Oh shit. Am I going to cry? I look up at the roof of the van and blink back any tears. “I didn’t check in with the family much, not as much as I should have, I was just so immersed with living this new life, trying to be the person I always dreamed I could be. I had no idea what was going on at home. The wedge between April and I grew stronger. I stopped knowing who she was, knowing the person she was growing into. Then, then my parents died, and I was back here, and I was thrust into the middle of this…this family that was mine and wasn’t mine at the same time. And we’re hurting, you know? We’re all hurting and we’re sad and we’re picking up the pieces and yet we’re also drifting even further apart. Now I look at April and I don’t just see my sister, I see a stranger. And she hates me.”
I take a moment to catch my breath, my heart is racing even faster than before. There’s silence in the van except for the sound of the engine ticking. I sneak a glance at the Swede.

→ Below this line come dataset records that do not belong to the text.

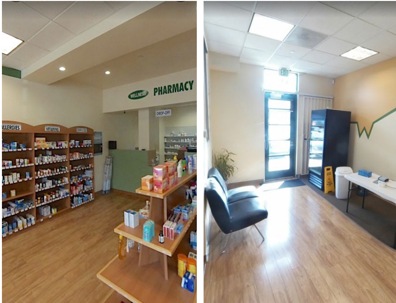
PREVIOUS INTERIOR PHOTOS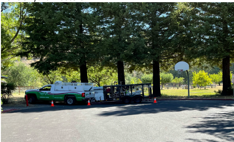
Landscaping company was there when I was, they are parked in front of yard waste bin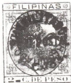
Figure 5. Proposed Scott #99A. Mint stamp. Surcharge type similar to Bartels et al. (1904) type XXIV for the 8c surcharge; however, the 1r surcharge type is not discernible. R. Miggins collection (1994).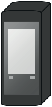
Tensor ST Controller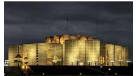
Bangladesh National Parliament Sher-e-Bangla Nagar, Dhaka 35-minutes drive from venue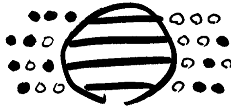
Figure 5. Glass Pyramid diagram revealed by crayon rubbing

Crayon rubbings of the etching revealed a combinatorial diagram of great profundity, all but swallowed by the time-worn surface: a circular arrangement of dots connected by horizontal bars (Fig. 5). I recognized the dots as early "settler notation" for binary numbers -- in fact, they were trigrams! The primeval image positioned each trigram on a circle, with its trigram complement on the other side; the bars connected pairs of complements. Traversing the circle clockwise, cycled through the eight trigrams in linear order. This was a complex, pithy diagram comparable to Fig. 3.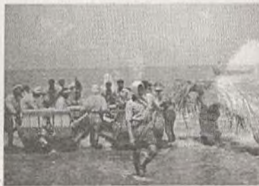
Enriching the reef with materials of plant origin increases the productivity

Fishing in the artificial reef is normally restricted to a 6-month period starting from October and ending in March. After the post monsoon season there is a gradual decrease in the catches in the inshore waters starting from October, locally known as Panjamasom (means months of starvation). It is during these months that the fishermen depend on the artificial reefs for their livelihood. Fish catches in the reef decreases from February and by March catches will be very poor. Whereas fish catches in the open waters increases from February onwards and fishermen move from reef area to open waters during these period. Thus the traditional fishermen regulate the exploitation of the resources in the reef area and open waters judiciously throughout the year. This conservation minded exploitation protects the resources to a greater extend. However whenever the mechanized fleet invades the coastal waters this balance disappears.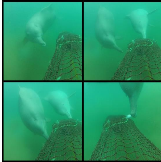
Figure 3. Humpback dolphins ( Sousa spp. ) on 25 April 2016. They were seen to feed “gently” on simultaneously with codend escapees.

dolphin ( Sousa plumbea ). In addition, easily seen wide hump (Figure 2c) and long beak (Figure 3) which are the morphological characteristics of the Indian Ocean humpback dolphin may support this identification.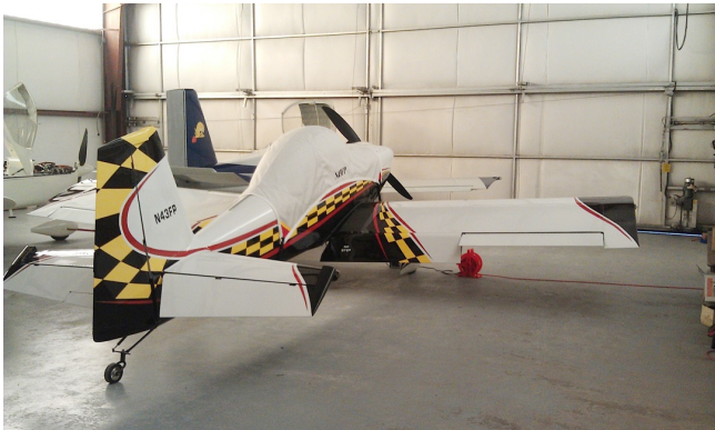
Van's RV-8 Canopy Cover

This cover type is made from Silver Acrylic Sunbrella canvas and is 100% lined with a soft and smooth microfiber. Bruce's Custom Covers developed this material combination especially for aircraft protection. The outer material is medium weight and treated for water resistance, UV resistance and anti-static buildup. The inner lining is a very soft and smooth microfiber to prevent scratching. The material is very reflective, and tests show that the cabin interior temperature can be reduced to near-ambient temperature on the hottest of days. It is water, ice and snow repellent, yet breathable to allow moisture to escape from between the cover and the aircraft surface.

He’s watching me with this quiet intensity in his eyes and sympathy etched in his brow. “It sounds like you’re doing the best you can,” he says and though his voice is soft, it emits a low, deep rumble I feel in my bones. “You shouldn’t be so hard on yourself.”
He might be right. But if I’m not hard on myself then how will I ever get better? Be better? I have to be hard on myself in order to grow. I’m in charge of this family now and to fail is…not an option.
I open my mouth to tell him this but a movement by the house catches my eye.
I crane my neck past him to see the front door opening and April stepping out, walking toward the station wagon in the driveway. Her dark hair is hanging in her face, she’s wearing the same jeans and cardigan I saw her in yesterday, dirty Converse on her feet.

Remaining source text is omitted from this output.